His father Abu Ahmed told The Independent since Hamas’s attack on southern Israel on 7 October Obada had not been permitted prison visits or phone calls and they didn’t know what state he was in.
His mother Badriya, said: “I didn’t sleep at night until the list was published, we only found out an hour ago.”
There is the potential for the truce to be extended by a day for every 10 Israeli hostages Hamas release beyond the agreed 50. The militant group has signalled it is open to an extension in a statement on Sunday.
The Israeli army’s chief spokesman, Rear Admiral Daniel Hagari, said it was open to extending the ceasefire if more hostages are released. Ahead of the latest hostages being freed, Mr Netanyahu visited the Gaza Strip since the start of Israeli’s military campaign, where he spoke with troops. “At the end of the day we will return every one,” he said of the hostages.

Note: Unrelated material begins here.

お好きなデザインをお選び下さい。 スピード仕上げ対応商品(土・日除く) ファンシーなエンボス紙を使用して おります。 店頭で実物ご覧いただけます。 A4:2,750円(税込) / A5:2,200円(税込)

He added that the war – in which Israel has said it wished to crush Hamas – is not over. “Nothing will stop us, and we are convinced that we have the strength, the power, the will and the determination to achieve all the goals of the war, and that is what we will do,” he said.

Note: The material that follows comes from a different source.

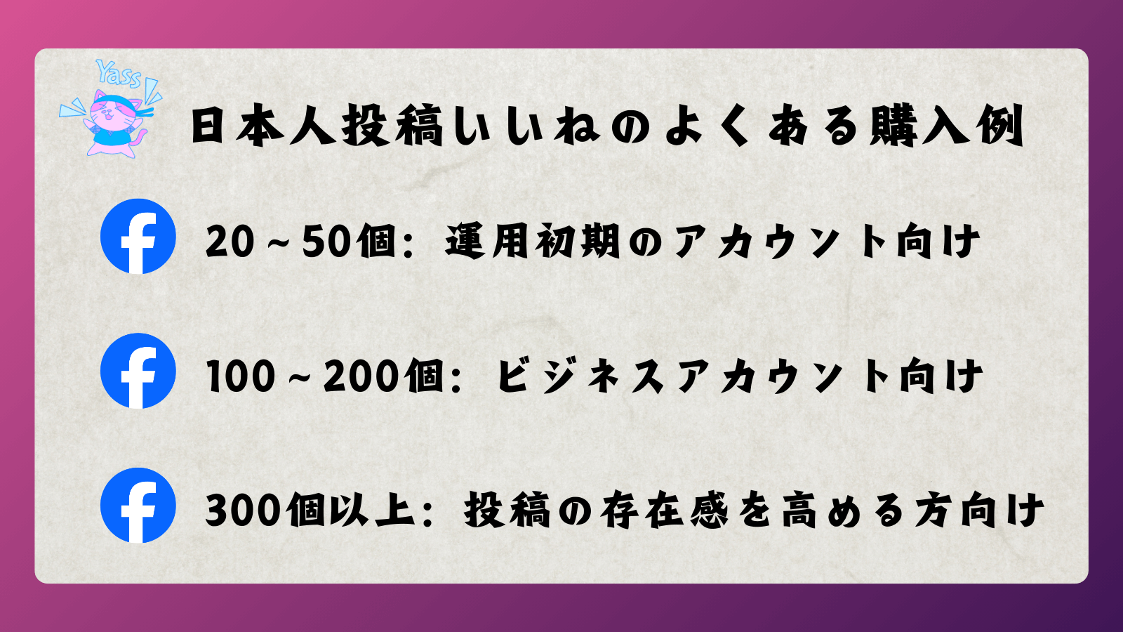 Facebook日本人投稿いいねを買う-いいね購入の専門店SNS忍者

Mr Netanyahu said on Sunday he told Mr Biden that Israel will resume its campaign in Gaza with full force once a temporary truce comes to an end.
However, Mr Netanyahu also said he would welcome extending the truce if it facilitated the release of ten additional hostages every day, as agreed under the original Qatari-brokered deal.
Families from the southern Israeli town of Kfar Aza embraced, cried, and applauded at the news that hostages from their town had arrived in Israel. More than 70 members of the kibbutz of around 700 people were killed and 18 were kidnapped.
In Gaza, people took advantage of the pause in Israeli airstrikes to queue for fuel. An Israeli blockade on top of the military action has left water, fuel food and medical supplies running severely short. Part of the current truce deal allows more aid to enter Gaza, but aid agencies say it is not as much as is desperately needed. The UN has confirmed that 129,000 litres of fuel crossed into Gaza on Sunday.
Elsewhere, Hamas announced the death of Ahmed al-Ghandour, who was in charge of northern Gaza – where Israel has been focusing its military campaign – and a member of its top military council. He is the highest-ranking militant known to have been killed in the fighting. Israel’s military confirmed the death.
Hamas said he was killed along with three other senior militants, including Ayman Siam, who Israel says was in charge of Hamas’ rocket-firing unit. The Israeli military mentioned both men in a statement earlier this month, saying it had targeted an underground complex where Hamas leaders were hiding.